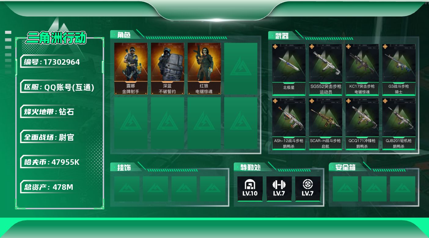 [17302964]478m总资产-47955k哈伏币-60烽火等级-钻石-50战场等级-尉官 【干员外观】:深蓝-不破誓约,红狼-电锯惊魂,露娜-金牌射手 【近战皮肤】:近战-北极星,近战-黑鹰 【传说外观】:M4A1突击步枪-阿米娅,ASh-12战斗步枪-鹅鸭杀,SG552突击步枪-运动员,AK-12突击步枪-创益工坊,SCAR-H战斗步枪-启航,G3战斗步枪-骑士,CAR-15突击步枪-阿米娅,腾龙突击步枪-捞点薯条,K437突击步枪-北极星,KC17突击步枪-电锯惊魂,Vector冲锋枪-能天使-午夜邮差,勇士冲锋枪-能天使-午夜邮差,QCQ171冲锋枪-北极星,QCQ171冲锋枪-鹅鸭杀,M250通用机枪-骑士之心,QJB201轻机枪-鹅鸭杀,M14射手步枪-电锯惊魂,AWM狙击步枪-捞点薯条,93R-捞点薯条 【史诗外观】:QBZ95-1突击步枪-曙光,ASh-12战斗步枪-无极限,K416突击步枪-冬日风情,AUG突击步枪-蝮蛇,M7战斗步枪-百步穿杨,SCAR-H战斗步枪-囚徒,G3战斗步枪-流沙送葬,PTR-32突击步枪-工业狂潮,AS Val突击步枪-典狱官,AS Val突击步枪-百步穿杨,K437突击步枪-守护者,MP5冲锋枪-深海恐惧,MP5冲锋枪-战术竞备,MP5冲锋枪-竞技风,Vector冲锋枪-百步穿杨,Vector冲锋枪-异域战争,SR-3M紧凑突击步枪-战术竞备,勇士冲锋枪-深海恐惧,勇士冲锋枪-工业狂潮,MP7冲锋枪-守护者,PKM通用机枪-蝮蛇,Mini-14射手步枪-守护者,M14射手步枪-工业狂潮,SV-98狙击步枪-林中猎手,SV-98狙击步枪-囚徒,M700狙击步枪-竞技风,M700狙击步枪-蝮蛇,M700狙击步枪-百步穿杨,M700狙击步枪-哈夫克警备,AWM狙击步枪-无极限,AWM狙击步枪-流沙送葬,沙漠之鹰-曙光,复合弓-守护者 【稀有外观】:M4A1突击步枪-繁盛,AKM突击步枪-战术演练,AKM突击步枪-肃杀,QBZ95-1突击步枪-公平竞技,ASh-12战斗步枪-精英联盟,ASh-12战斗步枪-繁盛,K416突击步枪-精英联盟,M16A4突击步枪-涂鸦艺术,AUG突击步枪-全金属外壳,AUG突击步枪-精英联盟,M7战斗步枪-精英联盟,M7战斗步枪-捣蛋鬼,SG552突击步枪-2026,SCAR-H战斗步枪-荣耀列队,SCAR-
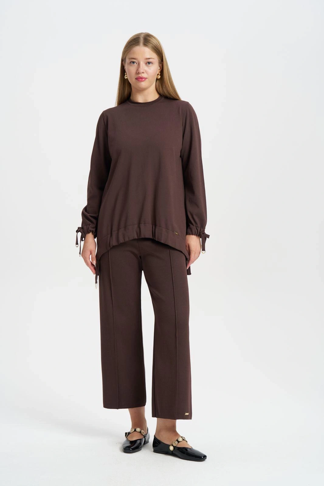 NİLİWİ-ÖN ETEĞİ BÜZGÜLÜ TUNİK KAHVE ile Merihce Luxury'nin zarafet ve kalite anlayışını keşfedin. Koleksiyonumuzun bu seçkin parçası, stilinize lüks bir dokunuş katmak için özenle tasarlandı.
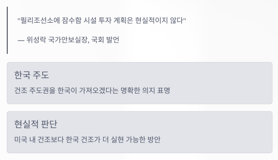 위성락 국가안보실장은 국회에서 "필리조선소에 잠수함 시설 투자 계획은 현실적이지 않다"라고 밝혔습니다.
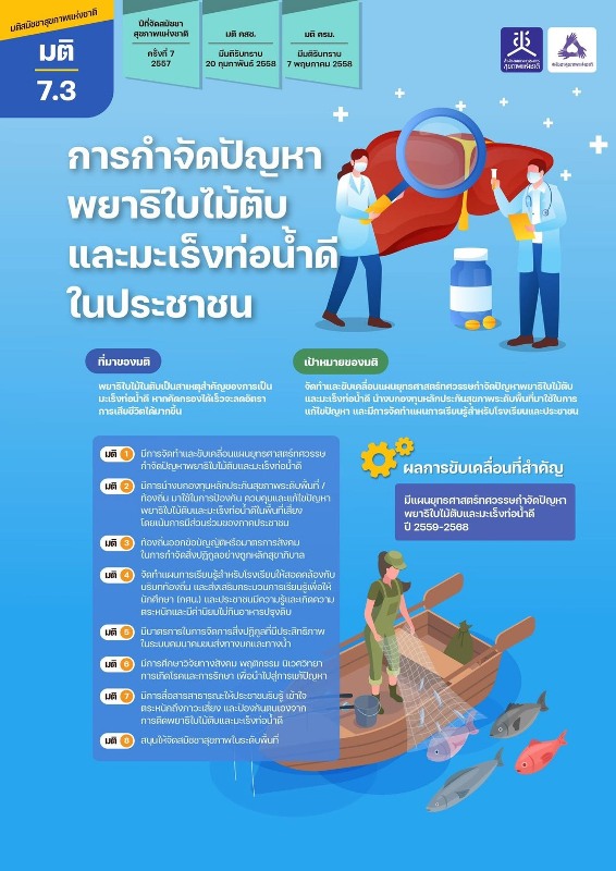 นพ.สุเทพ เพชรมาก เลขาธิการคณะกรรมการสุขภาพแห่งชาติ กล่าวว่า สมัชชาสุขภาพแห่งชาติ ได้มีมติ ขับเคลื่อนการกำจัดปัญหาพยาธิใบไม้ตับและมะเร็งท่อน้ำดี ในประชาชนอย่างต่อเนื่อง โดยตั้งเป้าหมายผู้ติดเชื้อเป็นศูนย์ เน้นการสร้าง “นักสื่อสารเพื่อการเปลี่ยนแปลง” และผลงานนวัตกรรมที่: กระตุ้นการปรับเปลี่ยนพฤติกรรม: ทำให้การกินแบบปรุงสุก กลายเป็นวิถีใหม่ สร้างความตื่นตัวในเด็กและเยาวชน ผ่านมาตรการเชิงรุก ทั้งเรื่องการรณรงค์ให้กลุ่มเสี่ยงเข้าตรวจด้วยชุดตรวจ OV-ATK การสร้างฐานข้อมูลกลุ่มเสี่ยง รวมถึงสร้างการมีส่วนร่วมทางดิจิทัล: ผ่านแคมเปญที่สนุก เข้าถึงง่าย และทรงพลังในโลกออนไลน์ โดยผนึกกำลังระดับพื้นที่ ร่วมกับ มหาวิทยาลัยขอนแก่น สช. สสส. สวรส. ภาคีเครือข่ายต้านมะเร็งท่อน้ำดี เพื่อลดอุบัติการณ์ของโรคในภาคเหนือและอีสาน
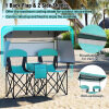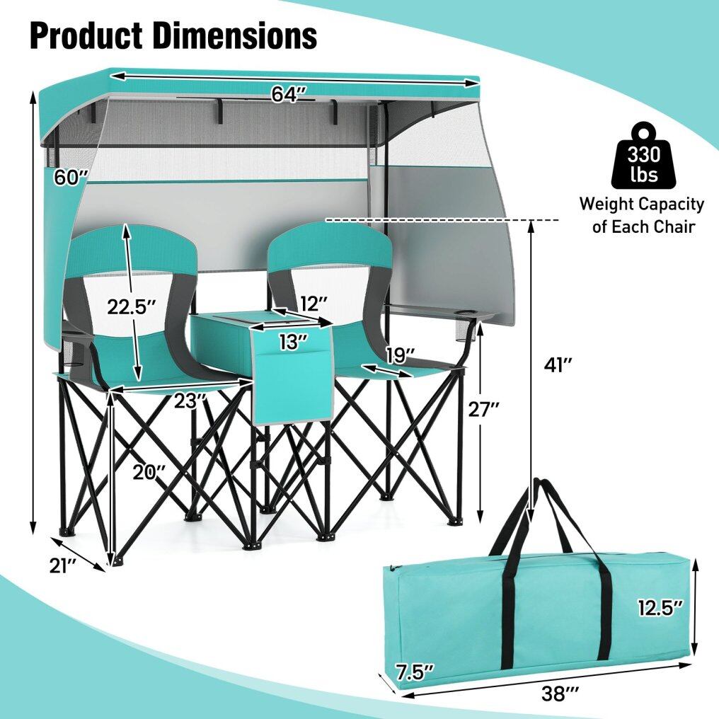 This double beach chair measures 163 x 72 x 153 cm (L x W x H) and comes with 2 spacious seats, ideal for enjoying outdoor leisure time with your beloved one. Moreover, it folds effortlessly and includes a portable carrying bag for convenient storage and transportation, thus you can easily carry it anywhere you want, from beaches to campsites and even sporting events. Designed to offer superior sun protection, our camping chair features a UPF50+ silver-coated canopy that can be adjusted to shield you from the sun's rays, complete with 2 side shades and a back flap for additional coverage. 3 shading curtains can be rolled up, while the canopy is detachable, meeting different needs. For enhanced reliability and stability, the chair is supported by a robust metal frame and crafted from a thickened oxford seat, complete with large footpads, preventing sliding or sinking into the soft ground. Added features such as the middle cooler bag keep your refreshments cold, while the integrated cup and phone holders ensure your essentials are always within easy reach.

■ ■ ■ ■ ■

**Task details:**
The material above must be reproduced line for line, with the images omitted.

**Result for this exercise:**
 [17302964]478m总资产-47955k哈伏币-60烽火等级-钻石-50战场等级-尉官 【干员外观】:深蓝-不破誓约,红狼-电锯惊魂,露娜-金牌射手 【近战皮肤】:近战-北极星,近战-黑鹰 【传说外观】:M4A1突击步枪-阿米娅,ASh-12战斗步枪-鹅鸭杀,SG552突击步枪-运动员,AK-12突击步枪-创益工坊,SCAR-H战斗步枪-启航,G3战斗步枪-骑士,CAR-15突击步枪-阿米娅,腾龙突击步枪-捞点薯条,K437突击步枪-北极星,KC17突击步枪-电锯惊魂,Vector冲锋枪-能天使-午夜邮差,勇士冲锋枪-能天使-午夜邮差,QCQ171冲锋枪-北极星,QCQ171冲锋枪-鹅鸭杀,M250通用机枪-骑士之心,QJB201轻机枪-鹅鸭杀,M14射手步枪-电锯惊魂,AWM狙击步枪-捞点薯条,93R-捞点薯条 【史诗外观】:QBZ95-1突击步枪-曙光,ASh-12战斗步枪-无极限,K416突击步枪-冬日风情,AUG突击步枪-蝮蛇,M7战斗步枪-百步穿杨,SCAR-H战斗步枪-囚徒,G3战斗步枪-流沙送葬,PTR-32突击步枪-工业狂潮,AS Val突击步枪-典狱官,AS Val突击步枪-百步穿杨,K437突击步枪-守护者,MP5冲锋枪-深海恐惧,MP5冲锋枪-战术竞备,MP5冲锋枪-竞技风,Vector冲锋枪-百步穿杨,Vector冲锋枪-异域战争,SR-3M紧凑突击步枪-战术竞备,勇士冲锋枪-深海恐惧,勇士冲锋枪-工业狂潮,MP7冲锋枪-守护者,PKM通用机枪-蝮蛇,Mini-14射手步枪-守护者,M14射手步枪-工业狂潮,SV-98狙击步枪-林中猎手,SV-98狙击步枪-囚徒,M700狙击步枪-竞技风,M700狙击步枪-蝮蛇,M700狙击步枪-百步穿杨,M700狙击步枪-哈夫克警备,AWM狙击步枪-无极限,AWM狙击步枪-流沙送葬,沙漠之鹰-曙光,复合弓-守护者 【稀有外观】:M4A1突击步枪-繁盛,AKM突击步枪-战术演练,AKM突击步枪-肃杀,QBZ95-1突击步枪-公平竞技,ASh-12战斗步枪-精英联盟,ASh-12战斗步枪-繁盛,K416突击步枪-精英联盟,M16A4突击步枪-涂鸦艺术,AUG突击步枪-全金属外壳,AUG突击步枪-精英联盟,M7战斗步枪-精英联盟,M7战斗步枪-捣蛋鬼,SG552突击步枪-2026,SCAR-H战斗步枪-荣耀列队,SCAR-
 NİLİWİ-ÖN ETEĞİ BÜZGÜLÜ TUNİK KAHVE ile Merihce Luxury'nin zarafet ve kalite anlayışını keşfedin. Koleksiyonumuzun bu seçkin parçası, stilinize lüks bir dokunuş katmak için özenle tasarlandı.
 위성락 국가안보실장은 국회에서 "필리조선소에 잠수함 시설 투자 계획은 현실적이지 않다"라고 밝혔습니다.
 นพ.สุเทพ เพชรมาก เลขาธิการคณะกรรมการสุขภาพแห่งชาติ กล่าวว่า สมัชชาสุขภาพแห่งชาติ ได้มีมติ ขับเคลื่อนการกำจัดปัญหาพยาธิใบไม้ตับและมะเร็งท่อน้ำดี ในประชาชนอย่างต่อเนื่อง โดยตั้งเป้าหมายผู้ติดเชื้อเป็นศูนย์ เน้นการสร้าง “นักสื่อสารเพื่อการเปลี่ยนแปลง” และผลงานนวัตกรรมที่: กระตุ้นการปรับเปลี่ยนพฤติกรรม: ทำให้การกินแบบปรุงสุก กลายเป็นวิถีใหม่ สร้างความตื่นตัวในเด็กและเยาวชน ผ่านมาตรการเชิงรุก ทั้งเรื่องการรณรงค์ให้กลุ่มเสี่ยงเข้าตรวจด้วยชุดตรวจ OV-ATK การสร้างฐานข้อมูลกลุ่มเสี่ยง รวมถึงสร้างการมีส่วนร่วมทางดิจิทัล: ผ่านแคมเปญที่สนุก เข้าถึงง่าย และทรงพลังในโลกออนไลน์ โดยผนึกกำลังระดับพื้นที่ ร่วมกับ มหาวิทยาลัยขอนแก่น สช. สสส. สวรส. ภาคีเครือข่ายต้านมะเร็งท่อน้ำดี เพื่อลดอุบัติการณ์ของโรคในภาคเหนือและอีสาน
 This double beach chair measures 163 x 72 x 153 cm (L x W x H) and comes with 2 spacious seats, ideal for enjoying outdoor leisure time with your beloved one. Moreover, it folds effortlessly and includes a portable carrying bag for convenient storage and transportation, thus you can easily carry it anywhere you want, from beaches to campsites and even sporting events. Designed to offer superior sun protection, our camping chair features a UPF50+ silver-coated canopy that can be adjusted to shield you from the sun's rays, complete with 2 side shades and a back flap for additional coverage. 3 shading curtains can be rolled up, while the canopy is detachable, meeting different needs. For enhanced reliability and stability, the chair is supported by a robust metal frame and crafted from a thickened oxford seat, complete with large footpads, preventing sliding or sinking into the soft ground. Added features such as the middle cooler bag keep your refreshments cold, while the integrated cup and phone holders ensure your essentials are always within easy reach.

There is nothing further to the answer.